Its roots go back to 1704. Its roster of conductors has included such names as Telemann, Bach, Mendelssohn, Brahms and Mahler.
There was a time when Leipzig was a major international capital, and the orchestra one of its undoubted glories. That, of course, was before World War II, before the days of painful East/West divisions, Cold Wars, Iron Curtains and Berlin walls.
Culturally, Leipzig has become something of an isolated city. Call it self-sufficient, if you will. Or provincial.
The isolation has not been without artistic consequences. A historical note in the Ambassador program points out, apparently with pride, that 85% of the orchestra players are products of the Leipzig Hoschschule fuer Musik.
The closed artistic society that has resulted might pose no problem if the conservatory in question were producing world-class musicians. That, unfortunately, does not seem to be the case. It would seem, instead, to be producing dutiful civil servants.
The finest instrumental ensembles these days are melting pots, organizations that bring together the strongest talents from vastly disparate sources. The finest ensembles are active internationally, fiercely competitive, responsive to the latest artistic developments, constantly pursuing new heights of virtuoso force as well as technical refinement.
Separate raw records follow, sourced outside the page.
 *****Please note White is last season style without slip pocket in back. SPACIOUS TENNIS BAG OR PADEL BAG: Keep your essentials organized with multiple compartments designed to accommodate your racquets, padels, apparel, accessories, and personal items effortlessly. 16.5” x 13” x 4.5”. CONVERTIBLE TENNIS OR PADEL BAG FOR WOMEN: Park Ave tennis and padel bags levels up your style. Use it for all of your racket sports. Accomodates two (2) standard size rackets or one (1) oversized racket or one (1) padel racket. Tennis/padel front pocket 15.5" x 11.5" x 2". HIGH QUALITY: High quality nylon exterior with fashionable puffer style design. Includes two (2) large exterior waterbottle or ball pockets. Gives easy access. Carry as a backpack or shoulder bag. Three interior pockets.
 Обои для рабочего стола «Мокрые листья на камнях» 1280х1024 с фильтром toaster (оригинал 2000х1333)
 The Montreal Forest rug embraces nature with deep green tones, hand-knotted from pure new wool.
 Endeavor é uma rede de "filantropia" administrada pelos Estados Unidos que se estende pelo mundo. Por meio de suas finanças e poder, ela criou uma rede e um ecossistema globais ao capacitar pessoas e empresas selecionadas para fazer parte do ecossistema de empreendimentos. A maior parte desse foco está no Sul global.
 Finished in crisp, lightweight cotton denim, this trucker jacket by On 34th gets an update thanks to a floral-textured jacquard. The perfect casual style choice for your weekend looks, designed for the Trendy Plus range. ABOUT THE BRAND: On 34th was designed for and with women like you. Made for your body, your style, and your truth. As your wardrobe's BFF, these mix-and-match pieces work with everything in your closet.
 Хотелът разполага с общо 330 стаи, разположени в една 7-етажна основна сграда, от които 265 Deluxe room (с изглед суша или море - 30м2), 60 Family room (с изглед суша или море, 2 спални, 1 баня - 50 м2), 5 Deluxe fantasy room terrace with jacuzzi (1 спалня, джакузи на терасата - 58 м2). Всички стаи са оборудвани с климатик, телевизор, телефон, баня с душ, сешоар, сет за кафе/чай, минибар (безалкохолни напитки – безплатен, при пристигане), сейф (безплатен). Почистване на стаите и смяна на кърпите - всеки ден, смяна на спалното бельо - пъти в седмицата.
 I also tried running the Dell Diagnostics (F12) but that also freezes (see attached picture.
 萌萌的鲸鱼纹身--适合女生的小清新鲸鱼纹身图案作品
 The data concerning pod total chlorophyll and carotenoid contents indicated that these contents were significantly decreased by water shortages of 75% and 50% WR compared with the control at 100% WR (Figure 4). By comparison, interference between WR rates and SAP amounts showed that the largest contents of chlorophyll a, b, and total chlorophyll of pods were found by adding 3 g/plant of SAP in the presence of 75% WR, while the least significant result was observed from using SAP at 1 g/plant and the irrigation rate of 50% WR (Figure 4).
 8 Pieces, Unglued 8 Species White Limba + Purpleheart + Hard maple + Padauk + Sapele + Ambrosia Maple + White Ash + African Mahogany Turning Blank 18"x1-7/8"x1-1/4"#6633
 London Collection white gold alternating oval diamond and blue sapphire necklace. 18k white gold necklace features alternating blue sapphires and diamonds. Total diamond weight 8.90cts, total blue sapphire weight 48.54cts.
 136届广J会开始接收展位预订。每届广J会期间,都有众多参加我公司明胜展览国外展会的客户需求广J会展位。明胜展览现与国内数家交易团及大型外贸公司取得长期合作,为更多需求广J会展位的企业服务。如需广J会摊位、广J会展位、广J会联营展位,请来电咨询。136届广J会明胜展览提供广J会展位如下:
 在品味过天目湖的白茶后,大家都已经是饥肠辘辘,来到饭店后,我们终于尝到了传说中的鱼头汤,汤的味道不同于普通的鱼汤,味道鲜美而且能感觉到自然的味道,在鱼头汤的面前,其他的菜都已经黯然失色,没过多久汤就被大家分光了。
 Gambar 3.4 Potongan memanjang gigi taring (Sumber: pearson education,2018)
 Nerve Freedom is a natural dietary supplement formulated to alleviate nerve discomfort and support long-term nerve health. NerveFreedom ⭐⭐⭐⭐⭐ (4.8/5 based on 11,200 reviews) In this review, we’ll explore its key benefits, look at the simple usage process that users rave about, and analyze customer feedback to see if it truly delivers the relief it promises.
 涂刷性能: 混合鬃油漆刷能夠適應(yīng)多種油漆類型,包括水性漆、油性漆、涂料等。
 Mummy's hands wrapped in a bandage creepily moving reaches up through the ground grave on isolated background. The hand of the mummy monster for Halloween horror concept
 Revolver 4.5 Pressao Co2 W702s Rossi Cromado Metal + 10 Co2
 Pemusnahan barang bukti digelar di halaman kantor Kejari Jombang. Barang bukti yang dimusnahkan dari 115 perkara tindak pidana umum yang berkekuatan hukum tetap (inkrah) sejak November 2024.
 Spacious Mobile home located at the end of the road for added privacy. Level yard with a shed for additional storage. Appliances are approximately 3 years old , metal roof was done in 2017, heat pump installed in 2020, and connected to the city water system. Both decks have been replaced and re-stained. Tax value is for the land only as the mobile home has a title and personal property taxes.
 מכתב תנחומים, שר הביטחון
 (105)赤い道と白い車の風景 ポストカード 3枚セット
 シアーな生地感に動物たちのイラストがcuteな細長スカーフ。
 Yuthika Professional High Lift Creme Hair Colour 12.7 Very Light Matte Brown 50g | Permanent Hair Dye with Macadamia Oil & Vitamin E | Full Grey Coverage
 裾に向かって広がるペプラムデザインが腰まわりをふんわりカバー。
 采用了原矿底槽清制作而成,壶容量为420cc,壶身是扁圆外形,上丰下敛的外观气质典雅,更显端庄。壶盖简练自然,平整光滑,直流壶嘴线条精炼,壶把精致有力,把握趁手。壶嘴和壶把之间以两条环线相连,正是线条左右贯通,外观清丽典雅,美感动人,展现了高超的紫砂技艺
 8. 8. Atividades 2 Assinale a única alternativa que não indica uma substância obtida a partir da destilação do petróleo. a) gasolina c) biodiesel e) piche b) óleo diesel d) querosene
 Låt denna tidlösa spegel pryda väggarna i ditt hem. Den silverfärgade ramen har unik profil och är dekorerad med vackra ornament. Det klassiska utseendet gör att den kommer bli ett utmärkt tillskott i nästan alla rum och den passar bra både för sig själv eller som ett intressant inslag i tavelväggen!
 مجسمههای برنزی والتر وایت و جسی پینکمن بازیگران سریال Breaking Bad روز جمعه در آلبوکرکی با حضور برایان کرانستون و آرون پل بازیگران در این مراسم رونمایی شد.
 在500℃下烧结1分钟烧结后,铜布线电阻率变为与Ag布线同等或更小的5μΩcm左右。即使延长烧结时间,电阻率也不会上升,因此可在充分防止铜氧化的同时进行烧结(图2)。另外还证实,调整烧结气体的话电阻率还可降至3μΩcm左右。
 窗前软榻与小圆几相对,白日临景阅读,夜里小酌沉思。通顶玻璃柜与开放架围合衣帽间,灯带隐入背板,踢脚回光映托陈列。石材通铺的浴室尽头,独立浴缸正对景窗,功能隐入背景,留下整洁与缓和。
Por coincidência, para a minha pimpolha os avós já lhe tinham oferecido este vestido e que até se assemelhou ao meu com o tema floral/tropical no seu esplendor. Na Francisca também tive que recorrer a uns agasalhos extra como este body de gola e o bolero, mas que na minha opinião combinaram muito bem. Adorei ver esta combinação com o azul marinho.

Such certainly would seem to be the case in Chicago and Amsterdam, in London and Vienna, in Philadelphia and West Berlin. . . .
If one may judge by a single tour performance--admittedly a dangerous judgment--Leipzig has a different perspective and a different set of values.
Separated from all the conventional traffic arteries, the city does not--cannot--compete in the big symphonic leagues anymore. It concentrates instead on being gemuetlich .
Gemuetlich is a nice, multi-purpose German word. It can connote warmth, congeniality, good-natured coziness. Indeed, the playing of the Gewandhaus Orchestra often reflects those qualities.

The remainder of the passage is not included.